Air Guns
Air guns are not airsoft guns, as they function quite differently and are much more powerful. They are classified as pneumatic (that means using gas to do work in science .458 socom ammo and technology, thank you Wikipedia) guns, and they have many different operational styles.
One must know that air guns are not new, in fact, they go back as far as the 1400s. They were favorable to alternative types of firearms because of their speed (back then it was fast), quietness, and low visibility. Air guns could be fired more times than other times of guns and did not make very loud sounds or put out clouds of smoke. They are also very powerful, and that is what is covered next.
Three main methods are available for powering air guns; spring-piston, gas-ram, and pneumatic. Spring piston air guns are pumped by cocking the barrel or a level. The strength required to cock is directly proportional to the power of the air gun. Typically, spring pistons shoot pellets at the speed of sound. They operate through an internal spring-loaded piston, which is pulled back and locked into a sear. After pulling the trigger, the piston is released and compresses air heavily in a chamber directly behind the pellet, and that pressure pushes the pellet out through the barrel.

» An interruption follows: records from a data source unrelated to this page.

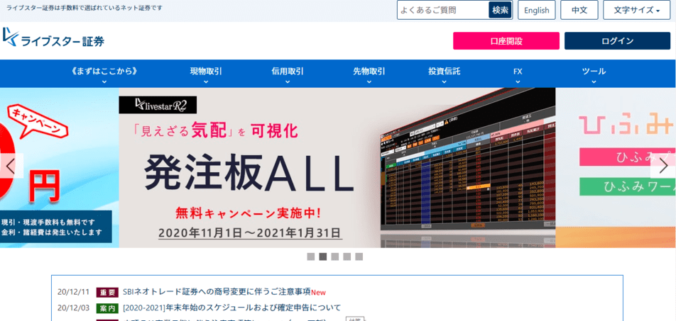 2019年12月から信用取引手数料完全無料化をはじめた「ライブスター証券」は、取引手数料をトコトン下げたいデイトレーダーにとってチェックしておきたい証券会社のひとつです。
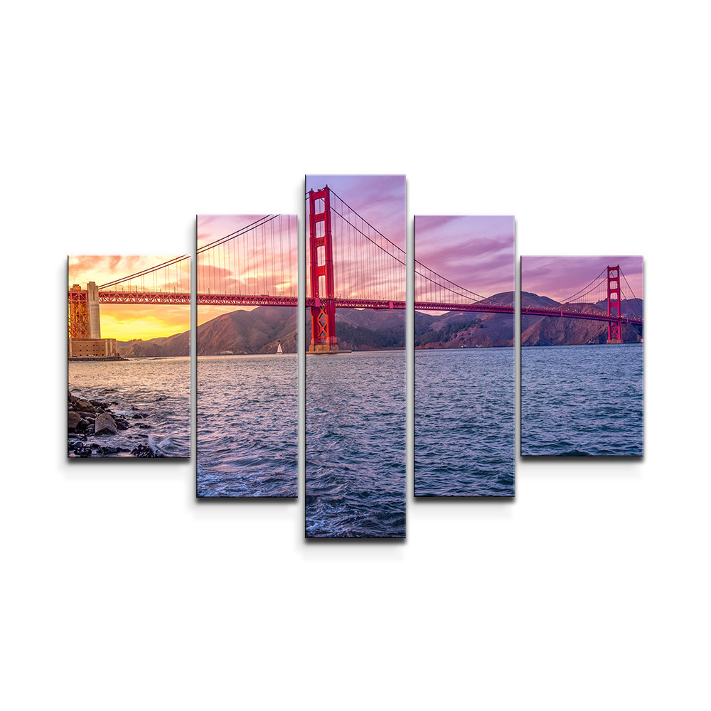 Obraz - 5-dílný Golden Gate 5: 125x90 cm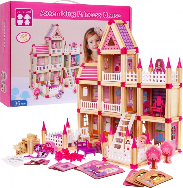 Αυτό το ξύλινο δομικό σετ είναι ιδανικό για μικρούς οικοδόμους από 3 ετών. Το σετ περιλαμβάνει 298 κομμάτια, που επιτρέπουν τη δημιουργία διαφόρων κατασκευών και ενθαρρύνουν το δημιουργικό παιχνίδι. Τα παιδιά μπορούν να χρησιμοποιήσουν κομμάτια με θέματα δέντρων, φιγούρες πριγκιπισσών ή μικρά αυτοκίνητα, δημιουργώντας τις δικές τους ιστορίες.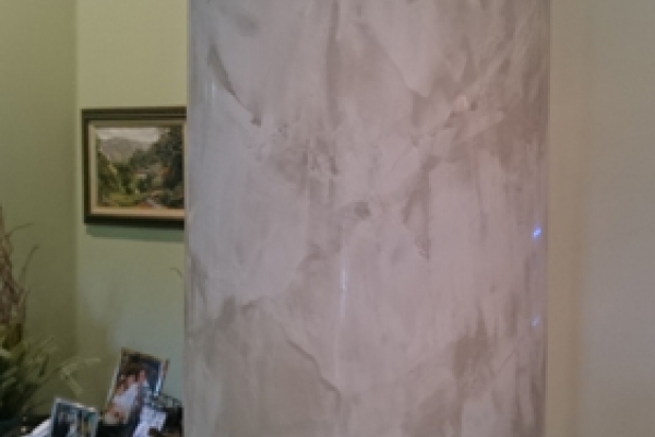 When applied correctly, Venetian plaster can be used to create a highly polished, rock-hard, marble-like finish. Venetian plaster is especially useful on surfaces where marble panels could not be installed easily, and on surfaces that would be too expensive to have carved from real marble such as columns, corbels, and curved walls.[4]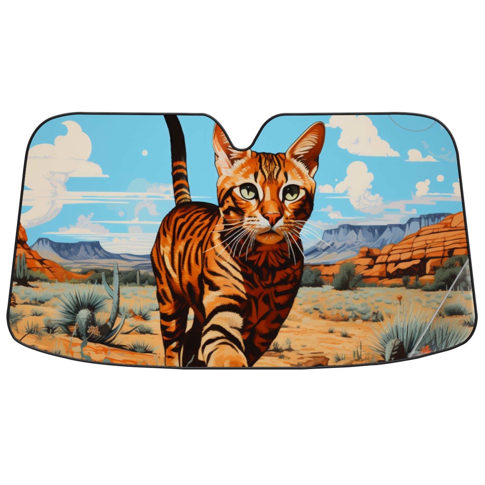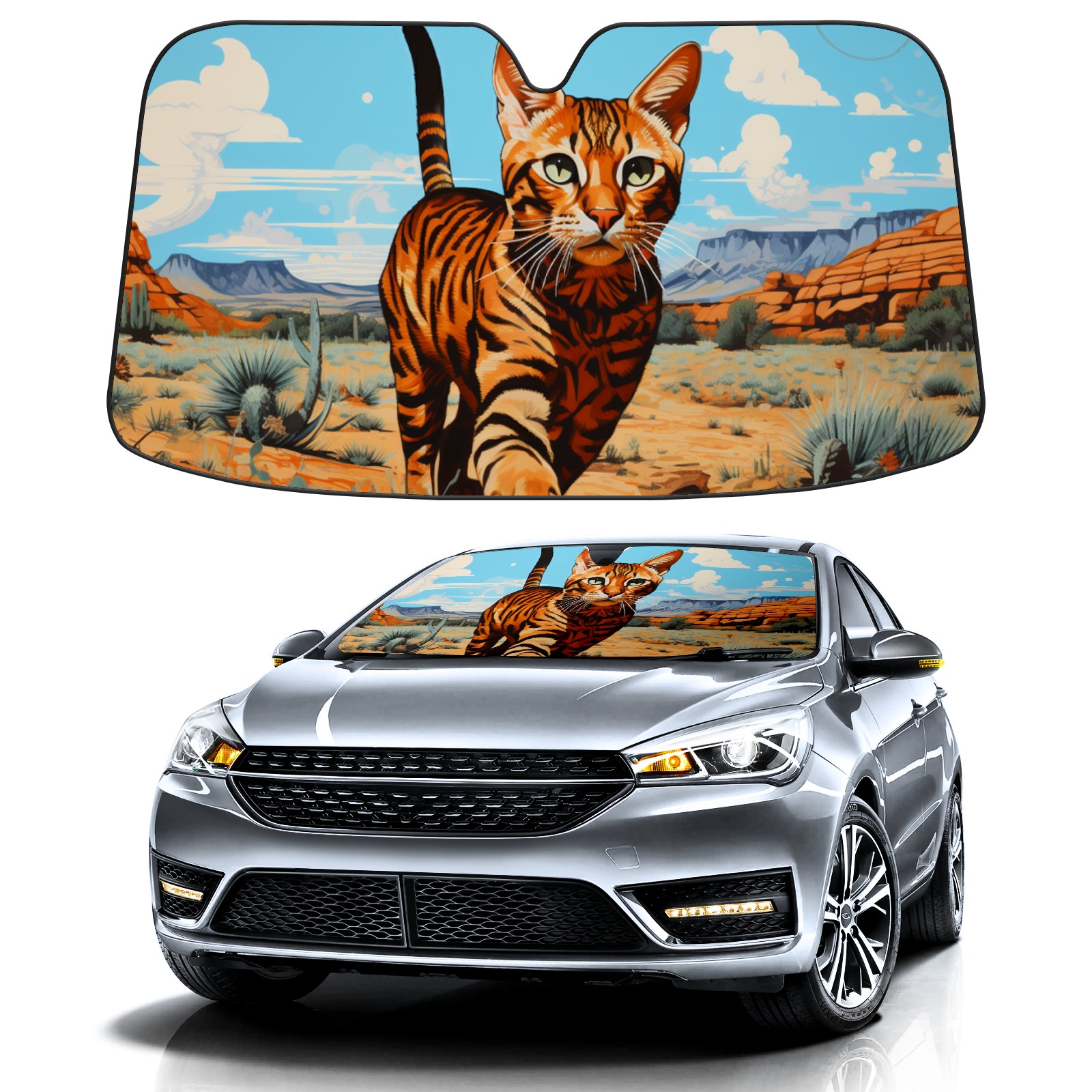 Car Windshield Sun Shade for Front Window Cat In Desert (1) Foldable Vehicle Windshield Car Sun Visor Covers Automotive Window Protector Car Privacy Sun Blocker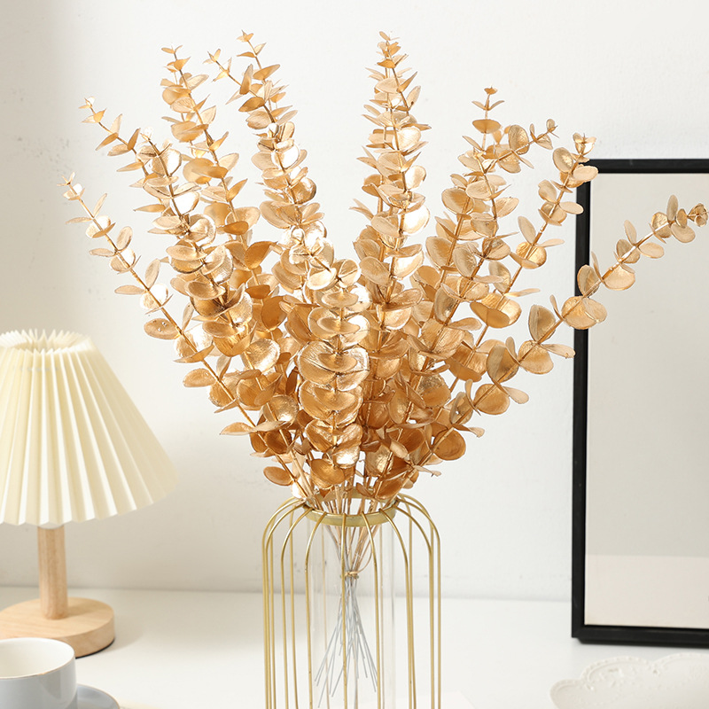仿真单支金色尤加利 新年家居福桶插花装饰塑料花商场布置年宵花

Many modern spring piston guns have a battery to automatically cock the gun, and although many are single-shot and are loaded through a breech (like a shotgun), advancements have allowed multi-shot spring piston guns.
Gas-ram air guns are quite interesting, in the fact that their spring is gas itself. There is a small amount of gas in a chamber behind the pellet, and after cocking, that air becomes much more pressurized. Gas-rams are much more efficient and overall better than spring pistons because of their durability and advanced accuracy, although they do cost more.
Finally, there is pneumatic, which is separated into several different categories. First of all, pneumatic guns use only gas to project the pellets; you pump, gas is compressed, pull the trigger, gas pushes the pellet out. This sounds a lot like gas-ram but, although it is similar, it is not the same. In gas-ram there is already some gas inside the chamber, and that gas is further compressed, but in pneumatic, each pump there is fresh gas. There are two types of regular pneumatic guns; multi-stroke and single-stroke. In multi-stroke guns, the pump must be pulled over one time for a sufficient shot, while single-stroke guns only require one pump. Multi-stroke pneumatic air guns are the most popular and cheapest kind of air gun.